It's been two months since the makers of Nintendo Switch emulator Yuzu settled for $2.4 million, ceasing development and handing the code over to Nintendo. Before Yuzu was taken offline, though, countless emulation fans forked the code to their own Github repositories, creating a duplicate. Others backed the code up to other hosting platforms, which may make them more resilient to Nintendo's takedown requests than Github, which has just complied with a Nintendo takedown request by removing 8,535 repositories of Yuzu code.
The details of the takedown were posted on Github yesterday, based on a takedown request sent on April 29. "Because the reported network that contained the allegedly infringing content was larger than one hundred (100) repositories, and the submitter alleged that all or most of the forks were infringing to the same extent as the parent repository, GitHub processed the takedown notice against the entire network of 8,535 repositories, inclusive of the parent repository," the statement reads.
Nintendo repeated the same claim it's made in the past: that Yuzu is violating the Digital Millennium Copyright Act because it "is primarily designed to and unlawfully 'circumvent[s] a technological measure that effectively controls access to a work protected under' the DMCA." This largely comes down to Yuzu's usage of cryptographic keys to decrypt and play Switch games, though the emulator never included the console hardware's keys in its code—users had to provide the prod.keys themselves. (It did include code to generate game-specific encryption title.keys, however.)
There was speculation when Yuzu quickly settled the lawsuit that the instructions on its website—which explained how to use the tool Lockpick_RCM to dump the cryptographic keys from a Switch—or that title.keys-related code may have proven damaging in court. But we'll never know, since no case that involves emulation and the DMCA's anti-circumvention measures has made it to trial.

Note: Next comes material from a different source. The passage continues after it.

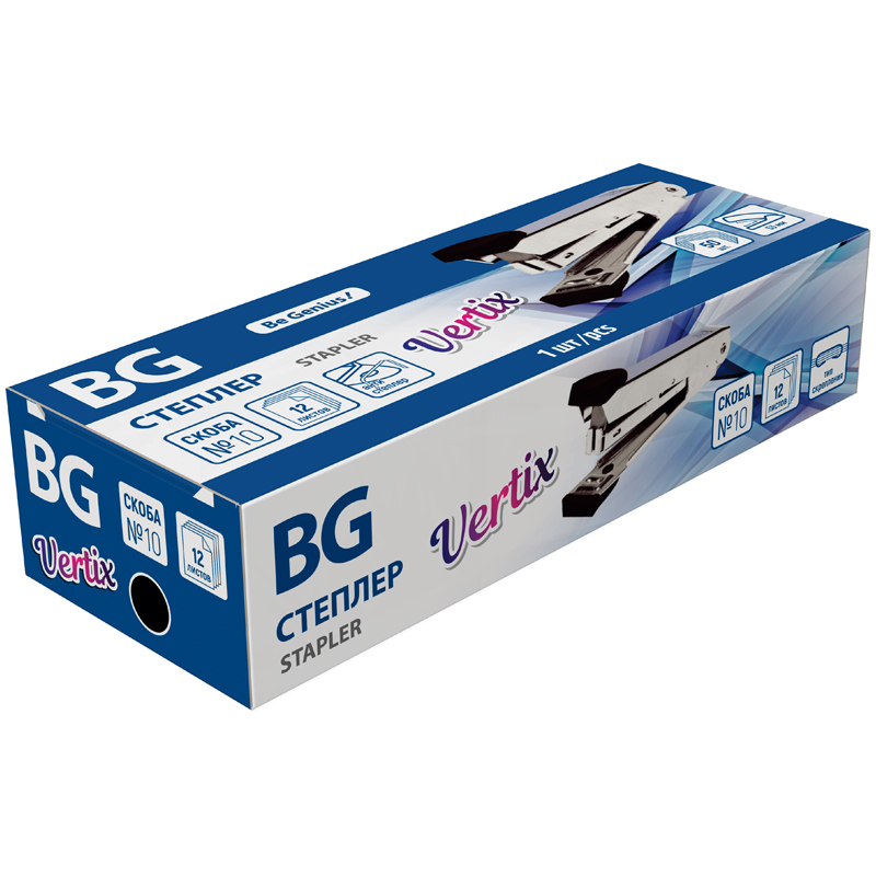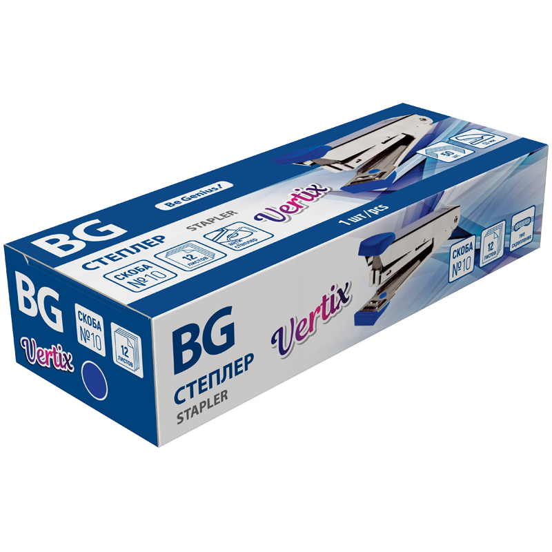 Степлер BG "Vertix" имеет цельнометаллический корпус с пластиковыми накладками.. Вместимость скоб составляет 50 шт, скобы №10, 1 тип скрепления, глубина захвата 53 мм, имеется встроенный антистеплер. Степлер скрепляет до 12 листов.

While 8,535 repositories sounds like a large blow, the code remains online in many other locations, as does one of the Yuzu successors on Github, Sudachi (which pointedly removed the code related to the title.keys, requiring users to supply those for each individual game). Despite Nintendo's ongoing efforts to stamp out further development of Switch emulation—including by going after the Discord accounts of two people who attempted to spin up their own successors using Yuzu's code—it's never going to be able to find or remove all the places the emulator's code has been stashed online. Nintendo may make developing Yuzu on Github a particularly fraught effort, but even then there's another formidable Switch emulator, Ryujinx, which seems to be standing on firmer legal ground.